Paul Geremia is a guitar-picking veteran, a true blues scholar blending jazz and acoustic country styles for over 40 years. Called “one of the finest blues artists” by Rolling Stone, he is a husky, soulful singer and a master of both the six and twelve-string guitar as well as a first-rate harmonica and piano player. He has an innate sense of the humor and drama of the blues, delivering rollicking songs of loving and living with a wink and a smile.

Paul’s background isn’t typical for a bluesman. He is a third generation Italian American who, as he laughingly puts it, “was born in the Providence River Delta.” Growing up in Rhode Island, he bought blues albums at the Salvation Army and heard R&B and jazz from recently relocated African Americans who had moved up from the southeast coast. His first instrument was a harmonica, and in his teens he started fooling around on a friend’s electric guitar. Paul’s dad had an acoustic guitar (a plywood Stella) that he never played, and when he left for college, he took it from behind the couch where it had been gathering dust. It was in college that he really started to focus on the instrument, learning to play from fingerpicking friends who were fans of Chet Atkins.

During the early part of the Sixties folk revival, Paul got a taste for acoustic blues. At various folk festivals, he heard a lot of young white guys playing blues, guys like Tim Hardin and Tom Rush. Before long, he had the opportunity to hear the great black blues players, men who had recorded in the Twenties and Thirties and were being “rediscovered” by a new generation. Pretty soon Paul was living and playing in the middle of a thriving blues community and had the opportunity to meet some of the greatest players.

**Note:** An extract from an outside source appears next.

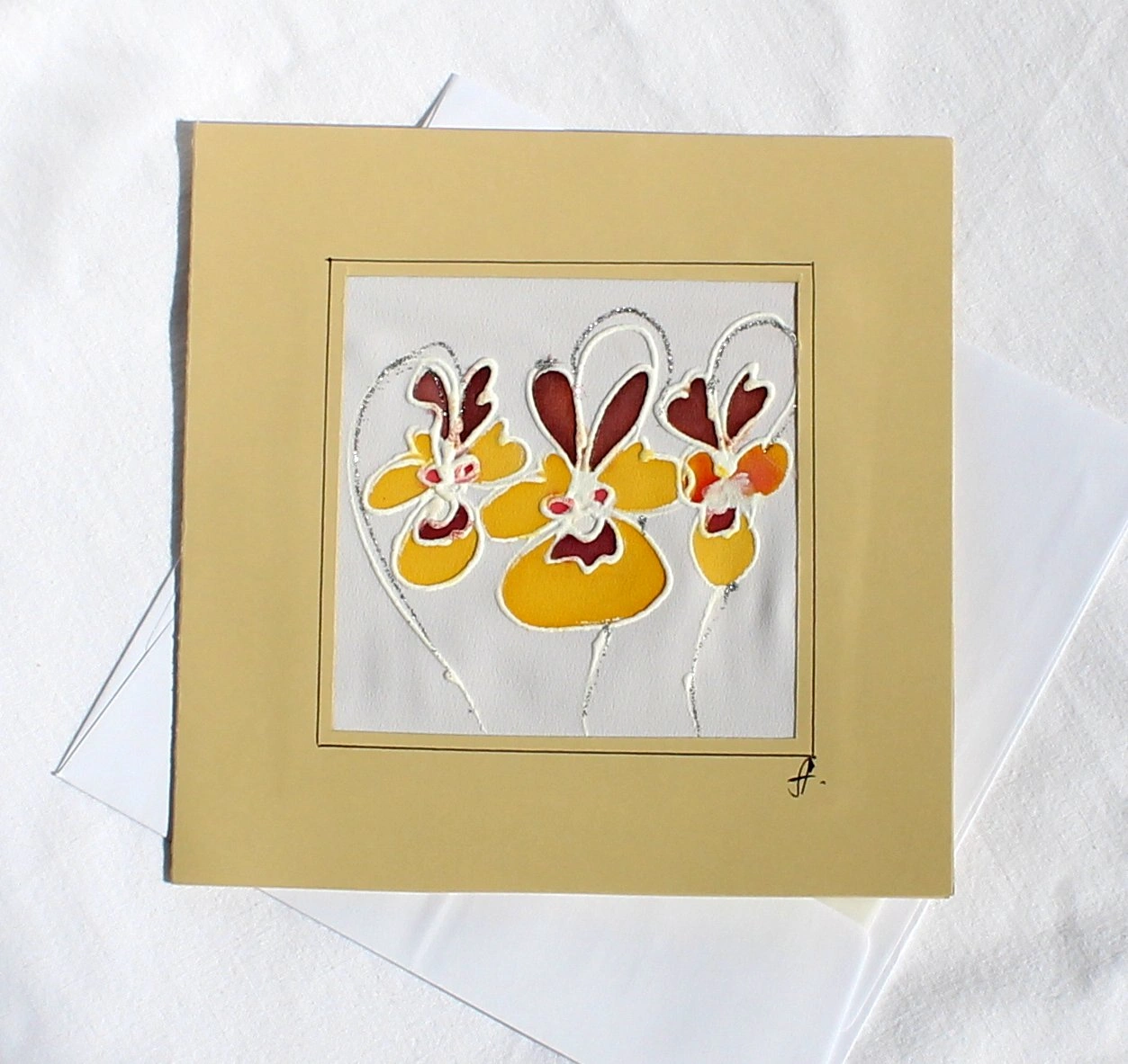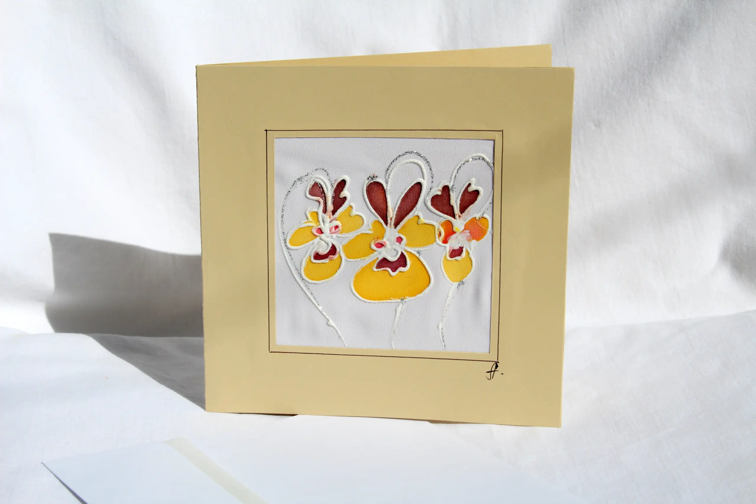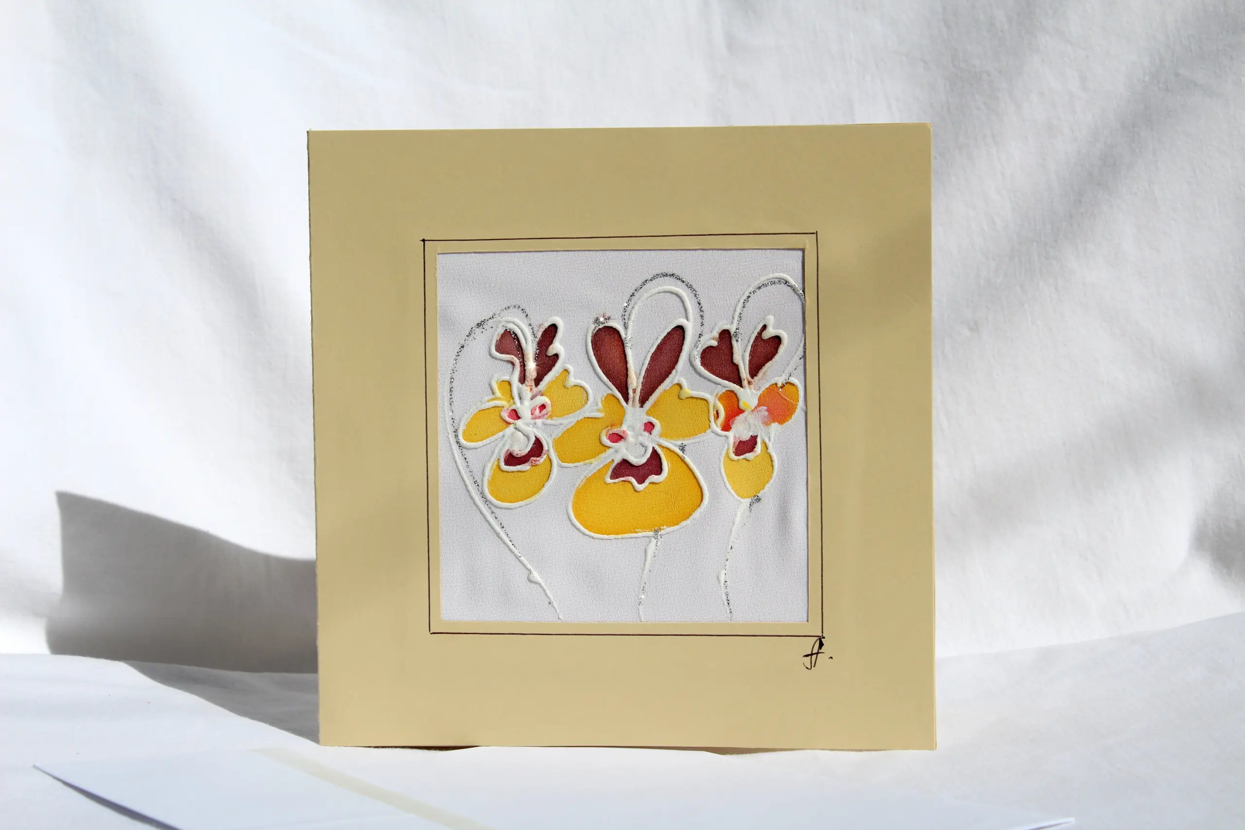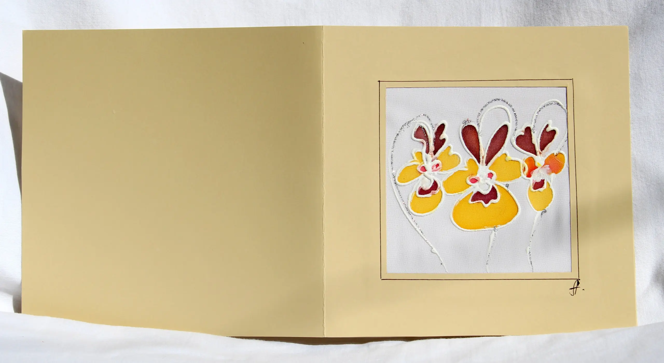 Всяка наша картичка е уникално ръчно рисувано произведение върху естествена коприна.

As his style shows, he’s learned something from every musician he’s met, including Pink Anderson, Fred McDowell, Blind John Davis, Carl Johnson, Skip James, Son House, and Howlin’ Wolf.

Paul has recorded eleven solo albums, and has been featured on numerous anthologies, including Preachin’ the Blues: The Music of Mississippi Fred McDowell (Telarc), which earned a Grammy nomination in 2002. His superb recordings have made him a critical favorite and place him firmly among the legends who inspired and influenced him over the past three decades. Two of his Red House releases, Gamblin’ Woman Blues and Self Portrait in Blues, were both nominated for W.C. Handy Awards. His new live collection Love My Stuff captures Paul at his best—on a stage in front of an audience, giving powerful and soulful performances.

Paul’s performances are a smooth blend of blues styles and traditions. “The whole thing, in a nutshell, is you just absorb as much as you can,” he explained in Acoustic Guitar. He is remarkably well-versed in the music of the great players: the Delta slide of Robert Johnson, the ragtime style of Willie McTell and Blind Blake, Leadbelly and Lemon Jefferson’s Texas sound, the uptown blues of Scrapper Blackwell, and Lonnie Johnson and Teddy Blum’s jazz. In his interpretations as well as original pieces, Paul incorporates the techniques of these legends into a distinctive style that is very much his own. It is no wonder that his list of admirers includes such guitar legends as Bonnie Raitt and John Hammond.